The pre-purified samples (details are given in the experimental section) were subjected to centrifugal precipitation chromatography. The separation conditions were used as described in the previous paragraph. Figure 4 shows the activity plot of data obtained from tea samples harvested in spring. The enzymatic activity was screened using β-carotene, one of the major carotenoids in tea, as substrate [11, 8]. The highest activity could be determined in fraction 3. The dashed line (Figure 4) shows the calculated acetone concentration inside the sample channel. Active fractions elute at acetone concentrations lower than 90% calculated solvent concentration, which is in accordance to the results shown in Figure 2b, where the highest enzymatic activity could be detected using 80% acetone for protein precipitation.

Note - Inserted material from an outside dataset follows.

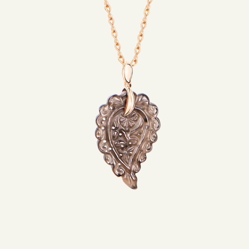 Der INDIA Small Anhänger aus 18 Karat Gold präsentiert kunstvoll geschnitzten Rauchquarz, dessen durchscheinende Grau-Braun-Töne in einer eleganten Blattform zur Geltung kommen. Für das zarte Schwingen an einer Kette entworfen, ist er ein wunderschöner Alltagsfavorit, der jedem Look einen Hauch von Raffinesse verleiht – perfekt, um einem Layering-Style zusätzliche Dimension zu geben.
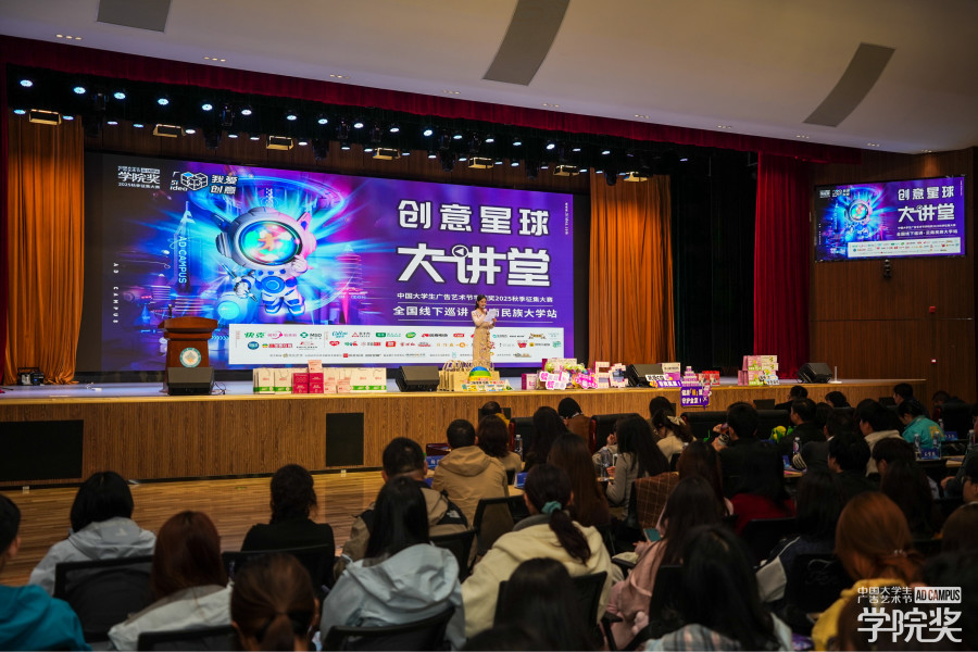 2025年11月6日下午,中国大学生广告艺术节学院奖2025秋季创意大讲堂在云南民族大学呈贡校区志公堂圆满举行。此次巡讲活动旨在促进教育资源与产业需求的精准对接,进一步提升在校学生面向实践的专业能力,以命题解析、创意分享与品牌互动为纽带,汇聚来自云南多所高校的四百余名师生,共筑高效的校企对接与行业对话平台。

Shortly after the introduction of centrifugal precipitation chromatography a systematic study about the shear stress and the precipitation effects was carried out. The recovery of α-chymotrypsin was 89% using ammonium sulfate as precipitation agent . Based on this study and the knowledge that liquid-liquid chromatographic techniques are suitable for the isolation of a wide range of bioactive compounds [summarized by 14, 15, and 16] we expected that the activity of our target enzyme could be preserved. In the present study we obtained relative activities of more than 60% (Figure 4, fraction 3). Purification of the same crude enzyme extract by matrix-free isolelectric focusing or size exclusion chromatography yielded in lower relative activities. Therefore, we could confirm that centrifugal precipitation chromatography is suitable for the isolation of active plant enzymes. Furthermore CPC could be a powerful tool for the isolation of recombinant enzymes. In many studies recombinant enzymes are not isolated from their host cells because the decrease in enzymatic activity and sometimes low yields. For functional characterization the genes encoding enzyme information are heterologously co-expressed with genes encoding substrate information also throughout many studies for the functional characterization of carotenoid oxygenases [17, 18, 19, 20, 21, and 22].

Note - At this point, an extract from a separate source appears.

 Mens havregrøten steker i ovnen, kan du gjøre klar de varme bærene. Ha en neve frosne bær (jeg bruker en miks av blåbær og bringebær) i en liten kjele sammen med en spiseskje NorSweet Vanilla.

After we demonstrated that enzymatic activity can be preserved we were also interested in the purities of the obtained fractions. Based on the results of the critical solvent concentration and the function of enzymatic activity in relation to the acetone concentration (Figure 2a and 2b) high purity of the early active CPC fractions (Figure 5) could be expected. The SDS-PAGE analysis of selected CPC fractions confirmed our expectations. The molecular size of the major protein of approximately 69 kDa in fraction 3 confirmed the previous results, where we could show that enzymes of the same molecular size (66 kDa) are responsible for specific carotenoid cleavage in tea leaves . The difference of 3 kDa can be easily explained with the limited accuracy of the mass determination by SDS-PAGE. The activity detected in later fractions is most likely related to the 48 kDa protein .

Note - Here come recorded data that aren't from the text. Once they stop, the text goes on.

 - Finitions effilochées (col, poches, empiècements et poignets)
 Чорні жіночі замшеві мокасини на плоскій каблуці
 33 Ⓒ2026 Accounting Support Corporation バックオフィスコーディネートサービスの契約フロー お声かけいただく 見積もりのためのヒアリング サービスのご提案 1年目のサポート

Our presented results show that CPC is an excellent tool for the isolation of active plant enzymes from crude extracts. We could demonstrate that the isolation of enzymes under optimized separation conditions leads to active enzymes of high purity.
We gratefully thank the National Institute of Vegetable and Tea Science, Kanaya, Shizuoka Prefecture Japan, for the tea. This work was supported by the German Academic exchange service (D/06/42811).